I'm actually not completely against that, although I do mourn the loss of both Khelben and Halaster still.

Jigawatts
2015-11-01, 05:10 PM
Halflings got the shortest stick (only one option), but Dwarves and Elves didn't have it much better (two and three respectively. Baldur's Gate allows elves to choose F/M/T but that's half elf only in the PHB).

Gnomes are positively rich in options having six, and Half Elves are just cheating with 11 (including times they can choose Druid instead of Cleric in a multi).

Actually the PHB allows elven fighter/mage/thieves as well, the elf description in the race section specifically mentions it, the table at the end of the class section mistakenly left them off.
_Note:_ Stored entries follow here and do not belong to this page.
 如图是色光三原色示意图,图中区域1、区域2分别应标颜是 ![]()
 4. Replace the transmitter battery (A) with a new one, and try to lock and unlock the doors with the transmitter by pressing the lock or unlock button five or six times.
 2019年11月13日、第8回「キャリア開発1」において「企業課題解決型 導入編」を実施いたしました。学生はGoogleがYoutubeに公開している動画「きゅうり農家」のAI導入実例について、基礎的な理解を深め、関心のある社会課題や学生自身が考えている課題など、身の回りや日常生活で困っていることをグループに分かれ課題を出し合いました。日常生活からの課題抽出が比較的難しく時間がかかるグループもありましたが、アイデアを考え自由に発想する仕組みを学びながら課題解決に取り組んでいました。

Half elves do have a crazy amount, and even more if you utilize the complete series (then again, most races do), I played a NG half-elf ranger/bard (an option opened up in the bards handbook) a few years back, that was a really fun multiclass.

GloatingSwine
2015-11-01, 07:38 PM
Though halflings also get a bit extra screwed in Baldur's Gate because they get max 17 strength on creation, whereas in P&P they could get 18 but not roll exceptional strength. (In BG that would let you boost them to 19 with the tome, and the jump from flat 18 to 19 is hueg, but 17 to flat 18 is not so much).
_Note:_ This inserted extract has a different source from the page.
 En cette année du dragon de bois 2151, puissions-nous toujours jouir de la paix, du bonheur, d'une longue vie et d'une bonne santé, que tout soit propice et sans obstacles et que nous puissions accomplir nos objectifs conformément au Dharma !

Less annoying for a Fighter/Thief who backstabs all the things because of how strength bonus works on backstabs (not included in the multiplier), but a straight fighter wants some itemisation to help.

Jigawatts
2015-11-01, 09:45 PM
Though halflings also get a bit extra screwed in Baldur's Gate because they get max 17 strength on creation, whereas in P&P they could get 18 but not roll exceptional strength. (In BG that would let you boost them to 19 with the tome, and the jump from flat 18 to 19 is hueg, but 17 to flat 18 is not so much).

Less annoying for a Fighter/Thief who backstabs all the things because of how strength bonus works on backstabs (not included in the multiplier), but a straight fighter wants some itemisation to help.
I remember that in the max/min stat table for races, but I never understood it because halflings get a +1 dex -1 str, so even if you put an 18 into a halflings strength at character creation it becomes a 17. I think it might be some kind of idiosyncrasy carried over from 1E. That table was interesting though, like how dwarves dont get a -1 dex but their max natural dex is a 17.

LibraryOgre
2015-11-02, 12:55 PM
I remember that in the max/min stat table for races, but I never understood it because halflings get a +1 dex -1 str, so even if you put an 18 into a halflings strength at character creation it becomes a 17. I think it might be some kind of idiosyncrasy carried over from 1E. That table was interesting though, like how dwarves dont get a -1 dex but their max natural dex is a 17.

It makes a bit more sense in 1e, where Young Adults got a +1 to Con and a -1 to Wisdom, while Mature Adults got a +1 to Strength and a +1 to Wisdom (so, if you started as a mature adult, you had a +1 to Strength and Con, and no change to your wisdom).

So a halfling rolls an 18 and puts it in Strength. He only has a 17 strength until he hits Mature Adulthood, then he's got an 18 strength... but, even if he's a Fighter, he doesn't get an exceptional roll. Since a Halfling Fighter was likely to start out as a Young Adult, and a Fighter or Fighter/Thief as Mature adult, it was more of a consideration. 2e simplified those two age categories out, more to the game's detriment, IMO.